3,751 km · 4 Landing Points · 1 Countries · Ready for Service: 1999
| Length | 3,751 km |
|---|---|
| Status | In Service |
| Ready for Service | 1999 |
| Landing Points | 4 |
| Countries | 1 |
| Location |
|---|
| Juneau, AK, United States |
| Lynnwood, WA, United States |
| Valdez, AK, United States |
| Whittier, AK, United States |
Alaska United East (AU-East) is a domestic submarine cable system operating entirely within the United States. With a total length of 3,751 km, it connects landing points in Alaska with a terminus in the contiguous United States, serving the coastal corridor between southcentral and southeastern Alaska and the Pacific Northwest.

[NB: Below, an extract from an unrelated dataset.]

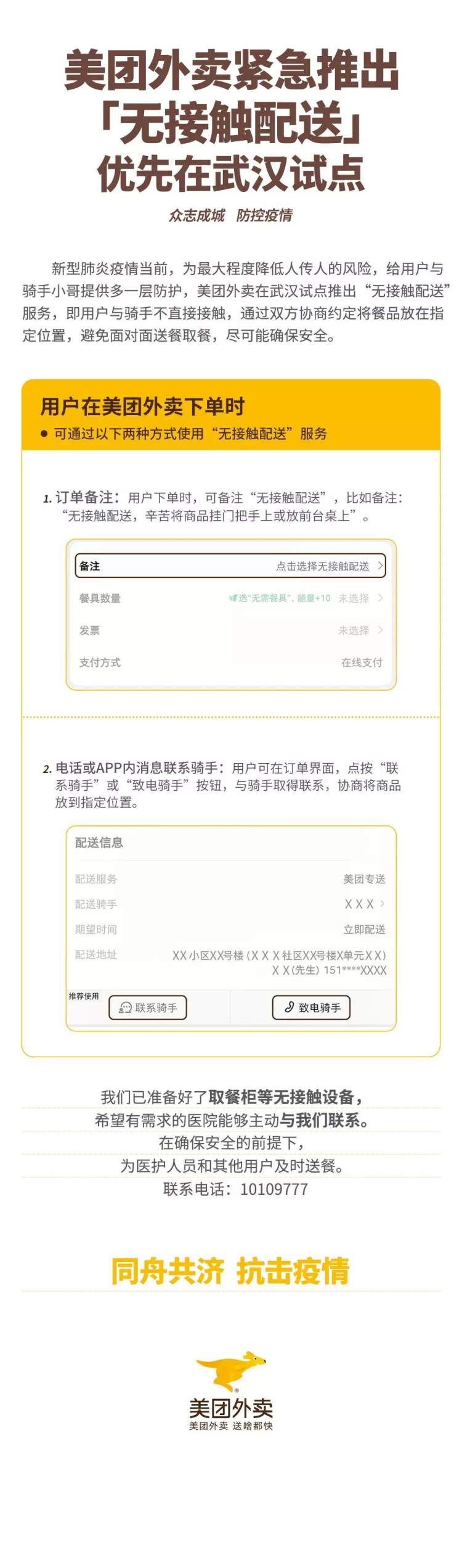 此外,针对医院地区的送餐,已准备好了取餐柜等无接触设备,希望有需求的医院能够主动与美团外卖联系。联系电话:10109777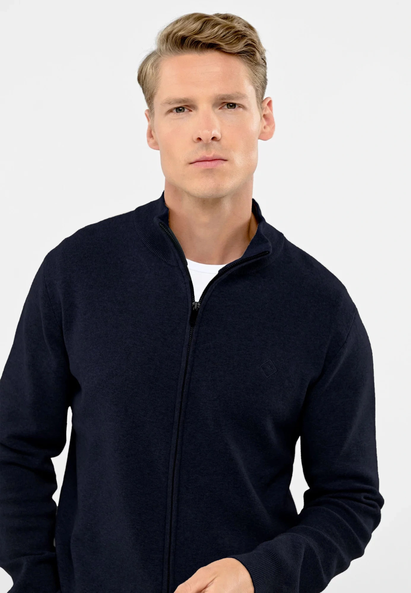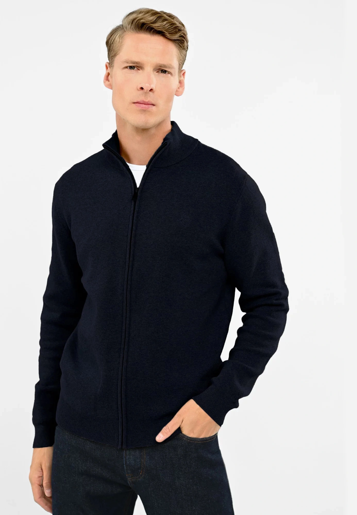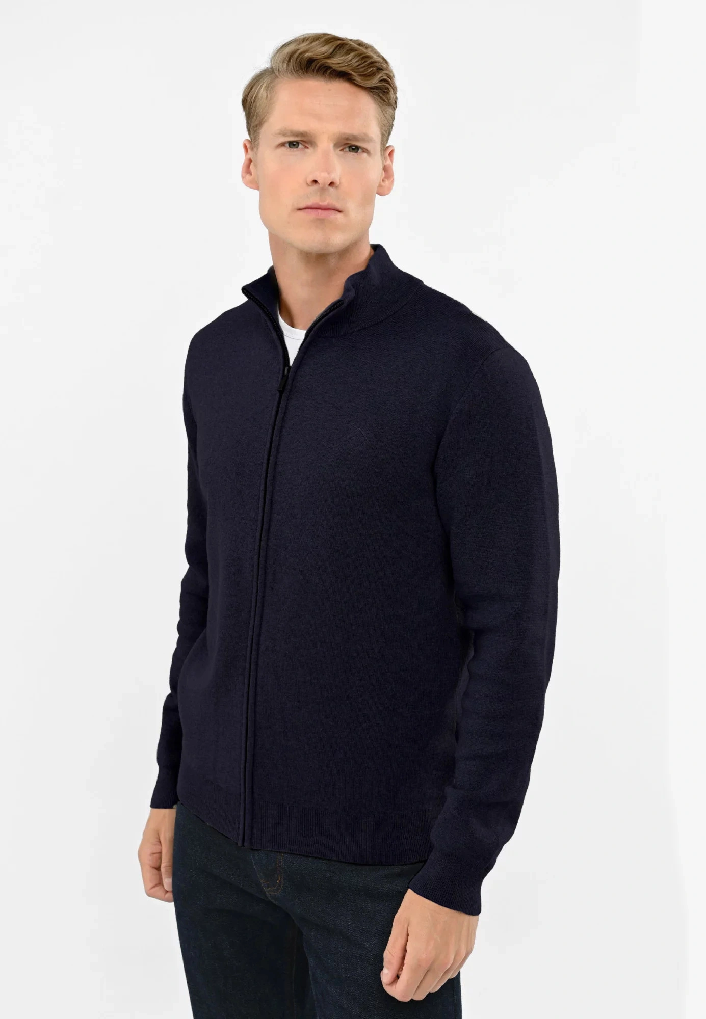 80% bawełna, 20% poliamidWskazówki pielęgnacyjne: pranie: prać w pralce w temperaturze 30°CPłeć: mężczyznaKolekcja: wiosna/lato/jesień/zimaKolor: granatowyKategoria: odzież męska | swetry

In Alaska, the cable lands at three points: Juneau, Valdez, and Whittier. These communities are spread across Alaska's southern coastline, with Valdez and Whittier situated in the Prince William Sound region and Juneau located in the southeast panhandle.
In the contiguous United States, the cable reaches Lynnwood, Washington, providing a connection point to the broader telecommunications infrastructure of the Pacific Northwest.
AU-East is owned by GCI Communication Corp, an Alaskan telecommunications company that provides voice, data, and video services across the state. As the sole owner, GCI operates the cable to support connectivity between Alaska's coastal communities and the lower 48 states.
The cable entered service in 1999 and has been in operation since that time, providing submarine connectivity along its U.S. domestic route for over two decades.
AU-East is a relatively short domestic cable at 3,751 km, serving a geographically specific purpose within U.S. waters. The cables that share the United States as a landing country include long-haul transoceanic systems of a very different scale — among them the Southern Cross Cable Network at 30,500 km, GlobeNet at 23,500 km, and the Asia-America Gateway at 20,000 km. AU-East does not serve international corridors; instead, it addresses the particular challenge of connecting Alaska's isolated coastal communities to the rest of the country via submarine infrastructure, a function that overland alternatives cannot easily fulfill across the rugged terrain and waterways of the region.
By linking three Alaskan communities — Juneau, Valdez, and Whittier — to Lynnwood in Washington State, AU-East supports telecommunications access in a part of the United States where geography makes terrestrial cabling impractical. The cable's concentration of Alaskan landings reflects the dispersed population centers along Alaska's southern coast and the practical need for submarine infrastructure to serve them. Owned and operated by a single Alaskan carrier, it represents a regionally focused system distinct from the large international cables that also touch U.S. shores.